Inhibition of M. aurum replication
| Treatment | M. aurum growth inhibition |
|---|---|
| Untreated control | 0% |
| Isoniazid (20 μg/ml) | >95% |
| Aqueous extract of A. afra | <25% |
| Methanol extract of A. afra | <25% |
| Dichloromethane extract of A. afra | 41.4% |
Extracts of A. afra (200 μg/ml) were incubated with M. aurum and its growth measured by firefly lucifrase bioluminescence ATP assay after 48 hours. Inhibition is expressed as a percentage of untreated control cultures. Activity was arbitrary assigned for extracts that displayed ≥25% inhibition
Fig. 1.
Dose-dependent inhibition of M. aurum and M. tuberculosis by the DCM extract of A. afra in vitro. M. tuberculosis and M. aurum were cultured in the presence of different concentrations of dichloromethane extract of A. afra. Mycobacterial growth was assessed by firefly luciferase bioluminescence ATP assay after 7 days in culture for M. tuberculosis and 48 hours for M. aurum. DCM-extract inhibitory activity had an IC50 = 270 μg/ml for M. aurum and an IC50 = 290 μg/ml for M. tuberculosis. The results represent the mean ±SD of three assays.
Fig. 2.
Maximal inhibitory activity is associated with isolate fraction C8. Nine isolate fractions of the DCM extract were generated and tested for activity against M. aurum at a concentration of 5 μg/ml. Mycobacterial growth was measured by optical density at 600 nm. Inhibitory activity was maximum during incubation with isolate fraction C8.
We therefore demonstrated that extracts of A. afra using dichloromethane but not methanol or water yielded compounds with significant antimicrobial activity capable of inhibiting replication of M. tuberculosis and M. aurum.

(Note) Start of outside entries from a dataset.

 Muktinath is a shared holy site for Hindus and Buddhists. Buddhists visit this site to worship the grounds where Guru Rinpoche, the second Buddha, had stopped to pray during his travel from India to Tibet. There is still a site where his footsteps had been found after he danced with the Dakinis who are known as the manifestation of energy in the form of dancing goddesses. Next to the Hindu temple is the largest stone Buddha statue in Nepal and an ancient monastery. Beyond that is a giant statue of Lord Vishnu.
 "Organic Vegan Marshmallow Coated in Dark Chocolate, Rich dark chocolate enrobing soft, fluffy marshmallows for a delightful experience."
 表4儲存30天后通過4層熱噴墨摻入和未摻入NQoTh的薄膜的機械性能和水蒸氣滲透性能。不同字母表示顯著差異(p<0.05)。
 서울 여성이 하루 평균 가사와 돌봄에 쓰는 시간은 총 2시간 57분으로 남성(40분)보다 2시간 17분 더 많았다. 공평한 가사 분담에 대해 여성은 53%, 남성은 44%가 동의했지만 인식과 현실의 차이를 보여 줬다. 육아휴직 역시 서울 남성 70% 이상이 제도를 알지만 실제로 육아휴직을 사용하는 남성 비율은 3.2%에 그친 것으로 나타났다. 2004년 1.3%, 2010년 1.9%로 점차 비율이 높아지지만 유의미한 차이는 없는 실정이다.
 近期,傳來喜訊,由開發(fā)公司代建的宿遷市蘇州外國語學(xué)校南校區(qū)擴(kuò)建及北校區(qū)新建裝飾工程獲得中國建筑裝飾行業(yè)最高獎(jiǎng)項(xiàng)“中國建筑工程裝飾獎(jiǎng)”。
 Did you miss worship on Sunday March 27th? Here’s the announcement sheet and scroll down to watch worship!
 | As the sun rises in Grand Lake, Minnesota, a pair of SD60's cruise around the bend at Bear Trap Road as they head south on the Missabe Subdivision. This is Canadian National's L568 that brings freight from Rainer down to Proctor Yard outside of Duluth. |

3.2. Anti-mycobacterial activity is associated with isolate fraction C8 of A. afra
To characterise the anti-mycobacterial properties of A. afra, the dichloromethane extracts were further fractionated yielding 12isolate fractions. Nine of these fractions, labelled C2–C10, were tested for antimicrobial activity against M. aurum at 5 μg/ml in culture assays and bacterial growth determined after 48 h (Fig. 2). Isolates C2, C3, C4, C5 and C10 displayed limited, if any, anti-mycobacterial activity whereas isolate C6 and C9 partially inhibited growth by 20–25%. Most of the anti-mycobacterial effects resided in isolate fractions C7 and C8 where 60–70% inhibition of mycobacterial growth was noted. However, further analysis of isolate fraction C7 found that it was contaminated with material of the C8 isolate fraction (data not shown) which may have contributed to the activity observed in isolate C7. We therefore further investigated the activity of isolate fraction C8 by culturing M. tuberculosis and M. aurum in different concentrations of isolate fraction C8. We observed similar dose-dependent bactericidal activities for both M. tuberculosis and M. aurum with an IC50 = 2.0 μg/ml noted for M. tuberculosis and an IC50 = 1.9 μg/ml for M. aurum. 100% inhibition of mycobacterial replication occurred at 10 μg/ml (Fig. 3). The mass spectrometry and nuclear magnetic resonance analyses of fraction C8 indicated the presence of sesquiterpene lactones, the most prominent of which are Artemin and Arsubin (Fig. 4).
Fig. 3.
Dose-dependent inhibition of M. aurum and M. tuberculosis by isolate fraction C8 in vitro. M. tuberculosis and M. aurum were cultured in the presence of different concentrations of isolate fraction C8. Mycobacterial growth was assessed by firefly luciferase bioluminescence ATP assay after 7 days in culture for M. tuberculosis and 48 hours for M. aurum. Similar inhibitory activities were found for M. aurum and M. tuberculosis with an IC50 = 1.9 μg/ml and an IC50 = 2.0 μg/ml, respectively. The results represent the mean ±SD of three assays.
Fig. 4.
High-resolution electron impact mass spectrometry of isolate fraction C8 showed two molecular ions at m/z 266.15232 and m/z 264.13569. The calculated values of the ions were 266.15181 m/z and 264.13616 m/z The data further suggest the molecular formulae of the two compounds to be C15H22O4 and C15H20O4, respectively. 1H-NMR spectra suggests that these compounds are Artemin and Arsubin.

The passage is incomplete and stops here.